Coordinator at the People’s Health Movement Tinashe Njanji told Spotlight these CHWs have long been frontline providers of health care especially in areas where there are minimal or no health services. He said CHWs are “well-positioned to take on the role of tracing people who have symptoms of COVID-19 as well as contacts of those who have tested positive and referring them all to testing sites”. “However,” said Njanji, “although some are being trained, the training, as reported by CHWs, has been minimal and they have not been given protective gear to go into houses in the community.”
Njanji said the issue with protective gear “is not a new story”. “For years Community Health Workers have been working without protective face masks, gloves and other basic materials. In engaging with them we have come across some heart-breaking stories of community care workers using plastic bags for gloves and homemade clothes for dressings,” he said. “In addition to this, in their present employment, although placed and employed by the Departments of Health or Social Development, they have casual labour status and do not have worker’s compensation if they were to contract the virus in the course of duty.”
According to Njanji CHWs don’t just need protective clothing – they need better training and workers compensation, as well as possibly being escorted on their home visits as it can be very dangerous.

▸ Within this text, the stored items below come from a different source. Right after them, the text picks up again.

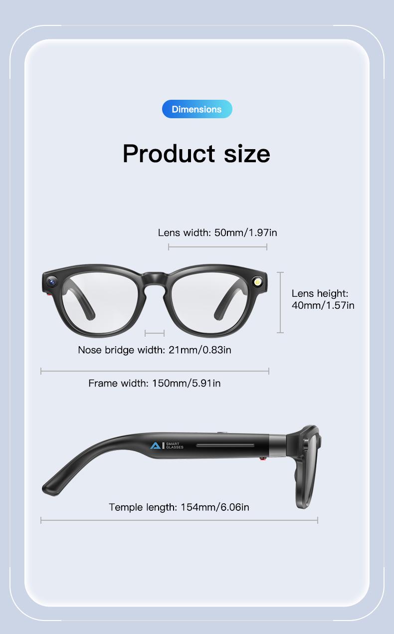 Functions: Camera function (photo taking & video recording), WIFI transmission (image/video/audio), sound recording, AI real-time translation, AI photo recognition, AI intelligent question & answer interaction, wireless call (answer & reject), voice assistant (AI voice wake-up), built-in headphones & speaker (stereo sound), music playback, anti blue light, UV protection.
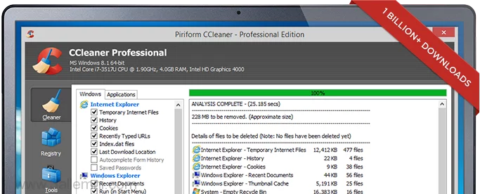 اذا كنت تعاني من بطيء جهازك والويندوز الخاص بك فبرنامج CCleaner يقوم بتنظيف الويندوز وتسريع الكومبيوترو اللاب توب عن طريق حذف الملفات التي تتراكم علي الويندوز وليس لها فائده وبه ايضا خاصية حذف الكوكيز والهيستوري من المتصفحات وايضا يقوم بتنظيف ملفات الريجستري كل هذا يساعد علي تنظيف الويندوز من الملفات اللتي ليس لها قيمه ، البرنامج تم تحميله اكثر من مليار مره مما يعكس مدى نجاح هذا البرنامج و حاصل علي العديد من الجوائز
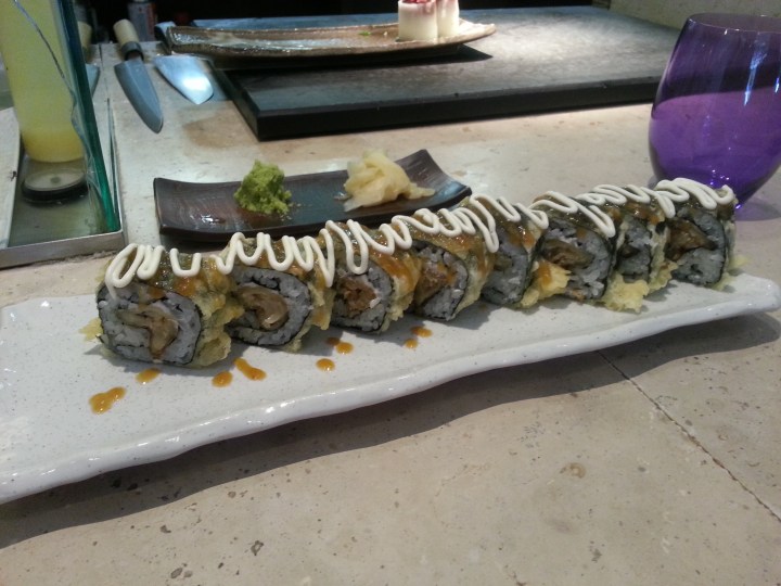 Tras los primeros entrantes pasamos a un plato más contudente: el Maki Hot de bacalao negro. Los maki hot son makis pero con un poco de tempura, así que están templados. Y el bacalao negro es una de las especialidades de Shikku. Las veces anteriores que he estado allí siempre lo he pedido y la verdad es que si es tu primera visita recomiendo pedir el plato de bacalao negro sin más. Esta vez pedimos el maki hot y la verdad que la pinta es estupenda y el sabor del bacalao negro se hace notar, de forma más atenuada esta claro, pero muy bien acompañado.
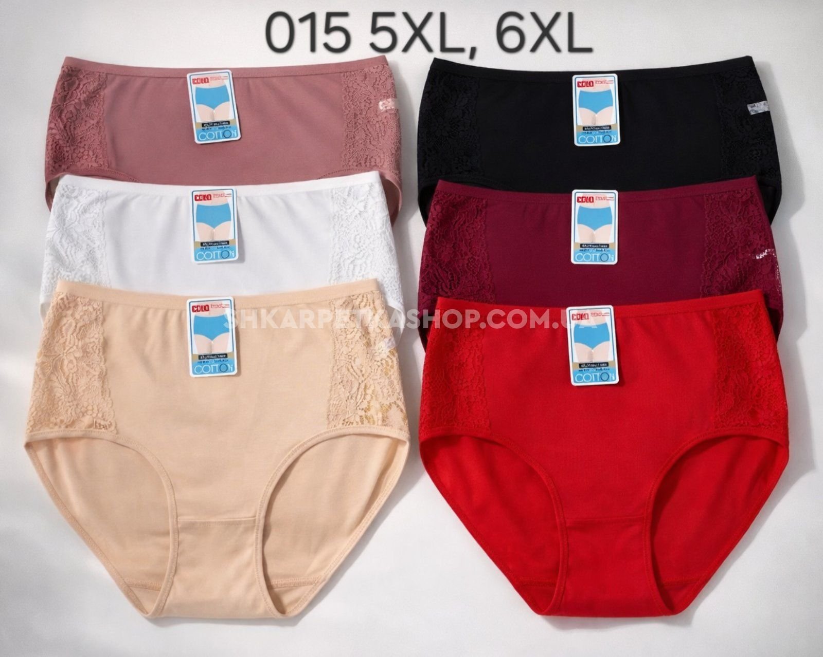 Жіночі труси "Sola Cotton" 015 cotton, р. 5ХL, 6xl -(52-54, 54-56) -асорті -(Однотонні +з боків мереживні вставки) -уп. 12 шт
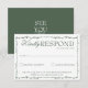 A classy and elegant calligraphy emerald green and white retro old money wedding rsvp card. That has a vintage and modern white background with green script and hand written whimsical stylish wording and hand drawn branches. Luxurious and chic with classic handwritten lettering. It is all editable by clicking on the personalize button.

Tshepo Matoko secretary of the Gauteng Community Health Care Forum that represents the majority of CHWs in Gauteng, in a letter to the MEC called CHWs the “courageous foot soldiers who will put their lives on the line to save their community from this pandemic”. In the letter the Forum asked that CHWs be recognised as permanent employees of the department so that they can be entitled to benefits like other employees. The forum also called for proper training and equipment.
Matoko told Spotlight this is not CHWs trying to be opportunistic in the face of a crisis. “These are people who have put their health and those of their families at risk time and time again. They were there on the frontline in the fight against HIV/AIDS and TB. Many of them lost their lives in service of their communities with nothing to leave their families. Now they are asked to again prove their value during this COVID-19 pandemic. And we will, because it is our job and we believe that we have a role to play in this crisis. But government needs to recognise us as public servants in the employ of the state. We need to move forward from here.”
Masuku in response to the Forum’s letter said the department and CHWs agreed on a process in 2019 which include establishing a MEC Advisory Committee which has since been working on a framework and details on the integration and formalisation of CHWs in Gauteng. He said a formal meeting will be arranged with the unions and bodies representing CHWs after the lockdown.
*Names have been changed to protect identities because the CHWs say they fear victimisation.